It is conceivable that in many real systems nestedness of SSR processes is not realized perfectly and that from time to time the sample space can also expand during a sequence. In the above example this would mean that from time to time random upward moves are allowed, or equivalently, that the nested process ϕ is perturbed by noise. In the context of the scenario depicted in Fig. 2 we look at a superposition of the SSR ϕ and the unconstrained random walk $ϕ_{R}$ . Using λ to denote the mixing ratio, the nested SSR process $Φ^{(λ)}$ with noise is written as

Φ^{(λ)} = λ ϕ + (1 - λ) ϕ_{R}, λ \in [0,1] .

[2]

More concretely, if the ball is at site i, with probability λ it jumps (downward) to any of site $k \in Ω_{i}$ (with uniform probability), and with probability $1 - λ$ it jumps to any of the N sites, $(j \in Ω)$ . In other words, each time before throwing the dice we decide with probability λ that the sample space for the next throw is $Ω_{i}$ (SSR process), or with $(1 - λ)$ it is $Ω$ (iid noise $ϕ_{R}$ ). We repeat this process until the face value 1 is obtained. With probability λ the process is ϕ and stops, and with probability $(1 - λ)$ the process is $ϕ_{R}$ and continues until 1 occurs again. Obviously, $λ = 0$ corresponds to the unconstrained random walk, and $λ = 1$ recovers the results for the strictly SSR processes without noise. Note that for $0 \leq λ < 1$ , $Φ_{λ}$ may visit a given site i more than once.
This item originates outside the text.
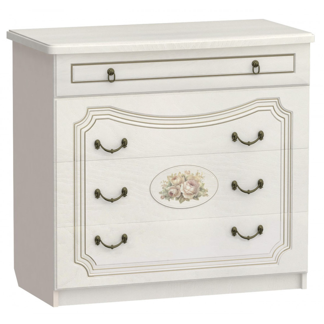 Комод для спальни Верона отлично подойдет для хранения белья и одежды. Вместительная модель оснащена тремя широкими выдвижными ящиками и одним узким. Модель украшена элегантным тиснением.
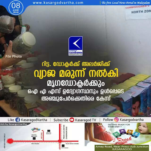 റിട്ട. ഡോക്ടര്‍ക്ക് അലര്‍ജിക്ക് വ്യാജ മരുന്ന് നല്‍കി; മൃഗഡോക്ടര്‍ക്കും ഐ എ എസ് ഉദ്യോഗസ്ഥനും ഉള്‍പ്പെടെ അഞ്ചുപേര്‍ക്കെതിരെ കേസ്

This implies in general that the visiting probability $P_{N}^{(λ)} (i)$ and the occupation probability $p_{N}^{(λ)} (i)$ no longer need to be proportional to each other. For that reason we now explicitly compute the occupation probability $p_{N}^{(λ)} (i)$ for SSR processes with a given noise level. For simplicity in notation we now suppress N and write $p^{(λ)} (i)$ .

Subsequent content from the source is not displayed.